Tomás Villén is on a war footing. His hospital, Universitario Ramón y Cajal in the northern corner of Madrid, has been the epicenter of Spain’s battle against COVID-19, the disease caused by the new coronavirus.
Together with Italy, Spain has borne the brunt of the pandemic in Europe. In late March and early April, roughly 300 new patients infected with the virus were arriving daily at the 1,000-bed hospital. The facility has converted its nonessential departments into emergency care wards to keep pace with patient flow. “We are creating more ICU [intensive care unit] beds every day,” says Villén, just finishing another grueling shift in March. “We have moved from being a normal hospital to kind of a war hospital.”
The chaos in the hospital means Villén and his team have to make quick decisions about focusing on the most critical patients. Normally, they would gauge the extent and severity of pneumonia in some patients with a computed tomography (CT) scan. But during a pandemic, the usual rules don’t apply. Villén explains that CT scans deliver highly detailed images, but ferrying critically ill patients to and from the radiology department is risky for patients and others. Plus, it can take about an hour to fully disinfect a CT machine between scans, which is time Villén and his team don’t have. “We need something quick, that’s reliable, that can remain at the bedside, if possible,” Villén says.

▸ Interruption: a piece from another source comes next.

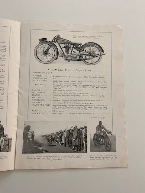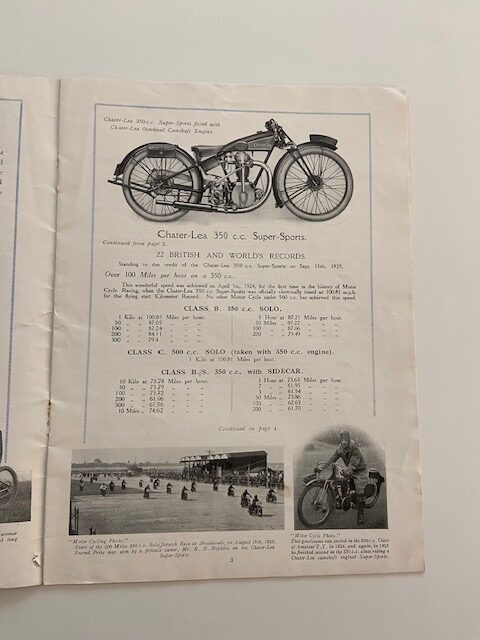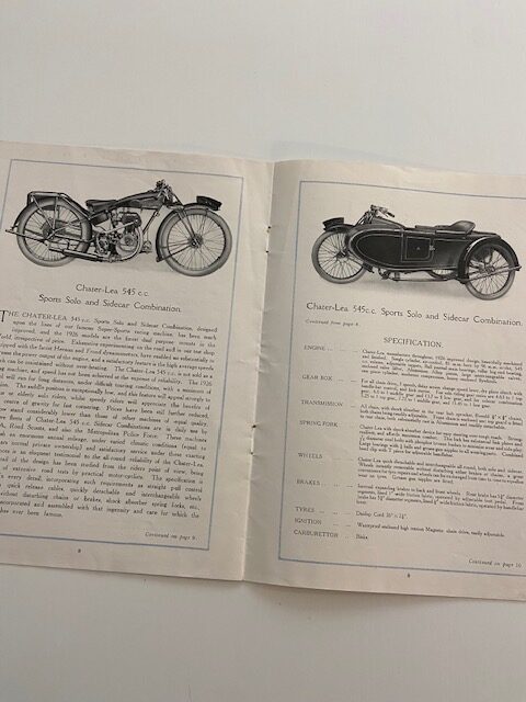 Rare original 12 page brochure covering the details and specifications for new Chater-Lea motorcycles and sidecars/box side carriers of the day.

Enter ultrasound. The technology is perhaps best known for imaging fetuses in the mother’s womb by emitting and recording the echoes of high-frequency sound waves. These days, it is useful to healthcare practitioners on the front lines against COVID-19.
Cindy Owen, director of Clinical Insights and Development at GE Healthcare, says the compact and mobile nature of ultrasound machines can be helpful during crises such as the COVID-19 pandemic. Point-of-care and handheld ultrasound are relatively easy for doctors to bring to a patient’s bedside, where they can apply an ultrasound probe to the patient’s body. “You don’t have to take those patients out and expose any other healthcare workers or anyone who might be nearby,” she says.

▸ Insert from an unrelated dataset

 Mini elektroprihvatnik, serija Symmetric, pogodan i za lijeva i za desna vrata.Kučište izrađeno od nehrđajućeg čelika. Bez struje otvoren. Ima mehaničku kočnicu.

Owen says that ultrasound has been used in both the emergency department and the ICU to answer many clinical questions and guide treatment “well before this crisis situation.” She says that because of the COVID-19 crisis, “more physicians have gained a better understanding of the usefulness of ultrasound and how to use it.”

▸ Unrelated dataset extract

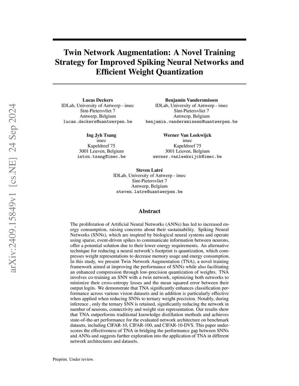The proliferation of Artificial Neural Networks (ANNs) has led to increased energy consumption, raising concerns about their sustainability. Spiking Neural Networks (SNNs), which are inspired by biological neural systems and operate using sparse, event-driven spikes to communicate information between neurons, offer a potential solution due to their lower energy requirements. An alternative technique for reducing a neural network's footprint is quantization, which compresses weight representations to decrease memory usage and energy consumption. In this study, we present Twin Network Augmentation (TNA), a novel training framework aimed at improving the performance of SNNs while also facilitating an enhanced compression through low-precision quantization of weights. TNA involves co-training an SNN with a twin network, optimizing both networks to minimize their cross-entropy losses and the mean squared error between their output logits. We demonstrate that TNA significantly enhances classification performance across various vision datasets and in addition is particularly effective when applied when reducing SNNs to ternary weight precision. Notably, during inference , only the ternary SNN is retained, significantly reducing the network in number of neurons, connectivity and weight size representation. Our results show that TNA outperforms traditional knowledge distillation methods and achieves state-of-the-art performance for the evaluated network architecture on benchmark datasets, including CIFAR-10, CIFAR-100, and CIFAR-10-DVS. This paper underscores the effectiveness of TNA in bridging the performance gap between SNNs and ANNs and suggests further exploration into the application of TNA in different network architectures and datasets.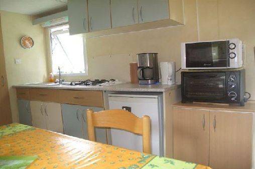 La cuisine du mobile home est équipée d'un four, d'un four micro-ondes et d'un réfrigérateur. Vous pourrez savourer

Villén, who sees about 10 to 12 patients a day, can use ultrasound for quick triaging decisions. Ultrasound machines have been shown to effectively image the body and its fluids, and it can be applied at the bedside in real time. Doctors like Villén can quickly gauge the extent and severity of the patient’s condition. Owen says the results from a chest X-ray can sometimes take an hour or more to get back. “I don’t even see that X-ray,” Villén says. “That’s one reason, for me, the lung ultrasound is desired over a chest X-ray.”
Some ultrasound machines, including GE Healthcare’s Point of Care Ultrasound systems Venue and Venue Go, have a feature that allows doctors to map lung segments faster. That feature is invaluable when it comes to COVID-19, says Villén, who chairs the ultrasound section of the Spanish Society of Emergency Medicine. He says the capability makes it easier to document the status of each segment in the lungs and to track changes over time.
Doctors battling the virus worldwide are discovering the versatility of ultrasound. The technology effectively scans other organs such as the kidneys, liver and brain, all of which might be vulnerable to the low oxygenation associated with the disease. And ultrasound can play a role in monitoring a patient’s fluid status, which is crucial to avert the risk of flooding the lungs, Owen explains.
Owen says that after the pandemic recedes, “ultrasound will continue to be used in [emergency department and ICU] settings, and probably more so, because a broader understanding of its usefulness is occurring.” She says that CT will also continue to be used, but not instead of ultrasound. “They will both find their place, depending on the clinical question that needs answering and the pros and cons of using each imaging modality,” Owen says.
Clinicians are discovering that it might be faster to disinfect ultrasound machines compared with the larger imaging machines. GE Healthcare’s Venue and Venue Go systems, for example, sport a seamless flat display without knobs, keyboards or creviced surfaces. The touchscreen display is easy to wipe, which helps reduce the risk of infections.
Emergency doctors have also started sharing their experiences with ultrasound, which might help other locales better manage the peak of COVID-19 when it arrives. “What’s really amazing is how the medical community has come together globally to share information on a human scale,” Owen says. “One country helping another to teach what they’ve learned.”
That will buy time, which is what Villén and his fellow clinicians so desperately need. “We are so lucky to have our colleagues in Italy 10 days ahead of us,” he says. And as the battle moves on, ultrasound technology will be ready to answer the call for Villén and his fellow medics time and time again.